Rasmus Højlund, the Surviving Striker

Despite a flurry of Champions League goals, it’s been a difficult start to life in Manchester for their young striker, Rasmus Højlund. After he scored his first Premier League goal, Musa Okwonga writes about how this may just be the start of something.

At long last, Manchester United’s Rasmus Højlund scored his first Premier League goal, a painfully public rite of passage that took him until winter of his debut season. This moment, a winning goal at home against a reborn Aston Villa, signals the end to an avalanche of memes that were unleashed in his direction across various online platforms, but it is also an opportunity to reflect on something: how hard scoring goals at the elite level actually is. 

Given the amount of money spent on forwards, this should be an obvious point. But - judging by the incredulity when a player goes months without finding the net - it possibly isn’t. Even the legendary Kenny Dalglish has struggled to score, once getting only eight goals in 34 games in the 1980-81 league season, before recovering his form and then becoming a foil for the equally magnificent Ian Rush. 
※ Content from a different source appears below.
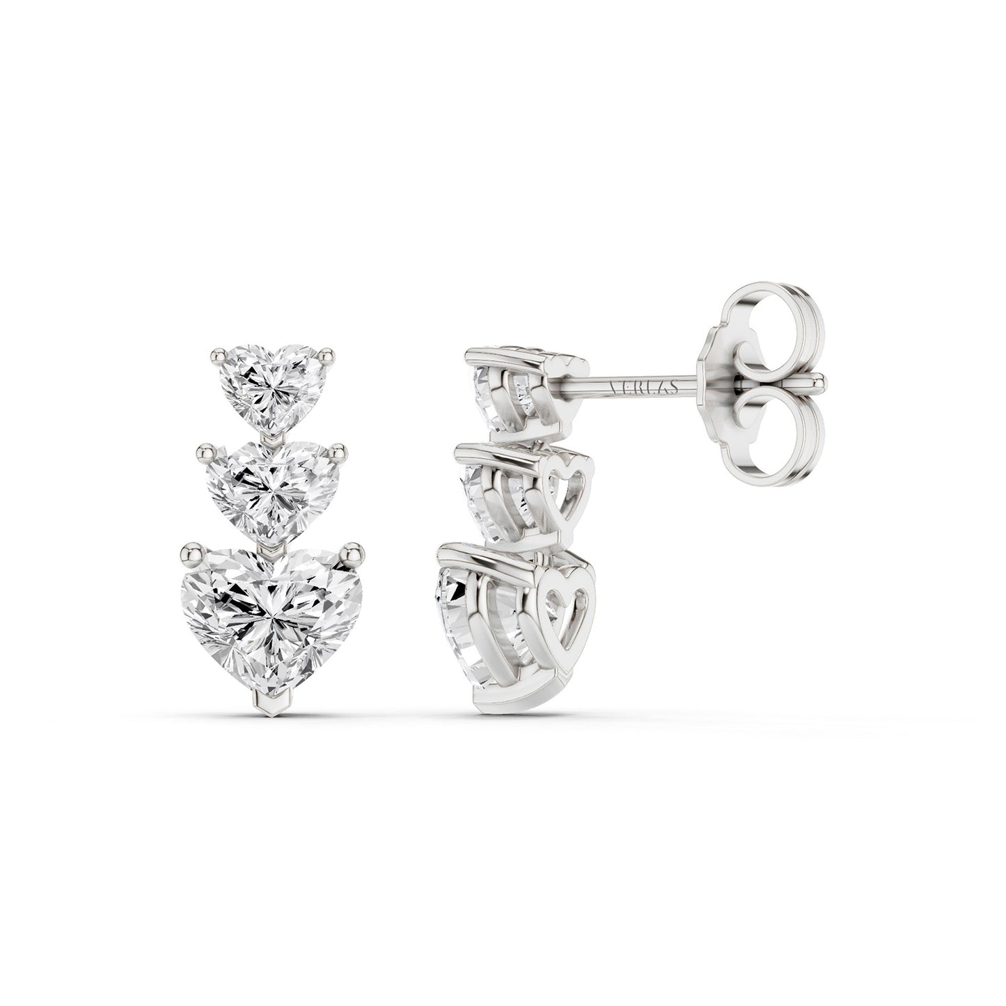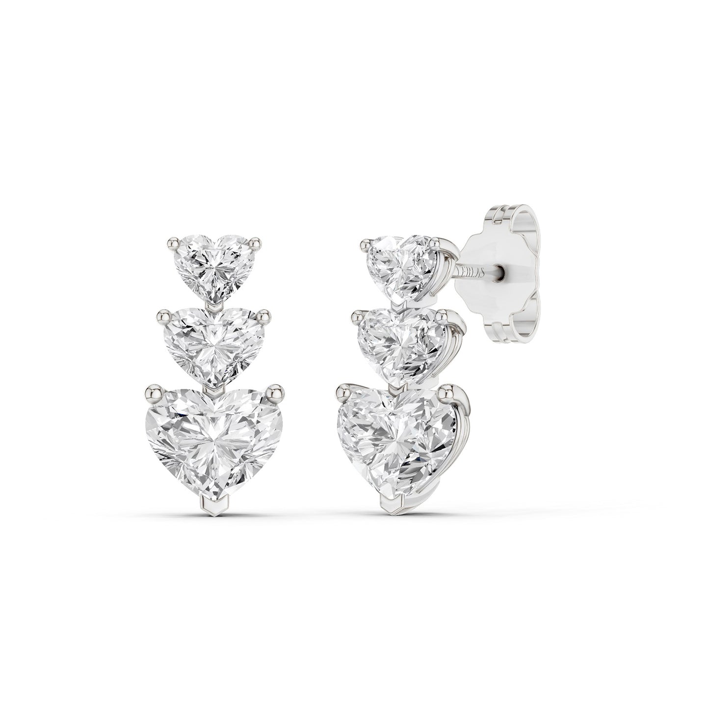 Elevate your elegance with the 3-Stone Graduated Heart Drop Earrings, featuring three heart-shaped lab-grown diamonds in a stunning graduated design. Set in secure prong settings, each diamond grows in size, symbolizing the journey of love and adding timeless charm to your look.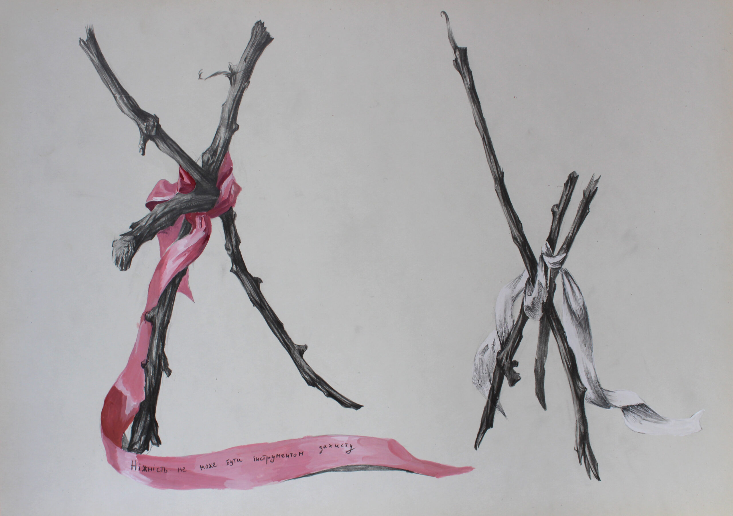 Це лише зайвий раз нагадує, що синонімом крихкості є кволість та хворобливість18, справжні або ж рукотворні, вигадані. При цьому, існує певна тенденція асоціювати (плутати) крихкість із ніжністю19. Зокрема, одна з робіт Синиці, що зображає сухі тонкі гілки, перев’язані рожевою стрічкою, називається «Ніжність не може бути захистом»20.

Elite athletes - and especially strikers - are the unluckiest of artists, because everyone sees their worst work. If you’re a writer, then your poorly-written drafts can stay hidden on your laptop, safe from the eyes of a judgmental public; if you’re a singer, then you can keep your out-of-key rehearsals confined to the studios, well away from the ears of a wincing audience. For people like Højlund, though, everything is on display. Maybe that’s why we pay so much to watch footballers do what they do: because, at some level, we are all fascinated by the prospect of watching others experience humiliation in their day jobs. (This probably also explains the enduring popularity of The Office.)

Thanks to social media, a reminder of your humiliations is never far away. By the time a hapless striker arrives home from another stressful day at the stadium, having guaranteed yet one more opposing goalkeeper a night of peaceful sleep, they will find that a compilation of that afternoon’s misses has already travelled to the digital equivalent of Jupiter and back. It may even have travelled via every family WhatsApp group. The striker will then have to go out there and show their face, week after week. Only the truly resilient can do that without resorting to wearing a balaclava in public. 

Yes, of course, comes the reply, but that’s why they are paid all that money. Well, yes, I reply; but also, no. As a child playing in your back garden, you do not fantasise about all the open goals or similarly straightforward chances that you are going to miss in front of millions of viewers, maybe even in the most important matches of your career. You just don’t think that it will happen to you.

Being an elite striker therefore involves being a little childlike: it’s a constant search for the return to innocence, to the early days at the local pitch or playing surface when goals came easily as mineral water from a spring. To thrive like, say, Samuel Eto’o or Sam Kerr or Sergio Aguero, you have to embody that famous Winston Churchill quote, which is that “success is the ability to go from failure to failure without losing your enthusiasm”. 

The best thing that can be said for Højlund, and which bodes well for his future at his club, is that he never visibly lost his enthusiasm. There are plenty before him who did - Chelsea’s Mateja Kezman, for example, who was superb for four straight seasons at PSV before one disastrous season at Chelsea saw him plummet forever from those heights. At least Højlund has not been alone in his Premier League toils: at time of writing Richarlison has managed only six goals in 42 league games for Tottenham Hotspur, while his former team-mate Dominic Calvert-Lewin - someone who seems to have all the technical attributes of a first-rate striker - has scored only 10 times in 48 league games. 

A fascinating thing about strikers who don’t score goals is that a streak of poor and even atrocious form can happen to absolutely anyone. It’s as baffling as watching Stephen Hawking mess up a piece of basic arithmetic, or seeing Nigella Lawson forget how to boil an egg. Barcelona’s Aisisat Oshoala is one of the finest finishers the world has produced, and yet a couple of seasons ago she was still sparing relieved defenders in the Champions League. Fellow Barcelona forward Robert Lewandowski, on his way to a golden boot and a league title in his debut season, spurned chances that were unimaginable when at his ruthless best. 

Whisper it lightly, too, but even Brazil’s Ronaldo - regarded by many as the greatest in his position of all time - missed the simplest of opportunities in the first half of the 2002 World Cup Final against Germany. Of course, this rare blemish on his exemplary record was forever overshadowed by the two goals he would score in the second.  Thankfully for Højlund, he has already proven his pedigree in the Champions League, with five goals in the group stage as Manchester United were eliminated: that feat alone should buy him a season’s grace.

Worst of all, though, the struggling striker represents the greatest tragedy of all: the human being who is overwhelmed by the weight of their own beautiful dreams. How painful it must be to strive your entire professional life to step onto the grandest stages, only to realise as the curtains fall open that you are terrified of the size of your audience. Højlund has taken his first relieved step away from that fate; but, even if he never had, he should have been applauded for making the attempt.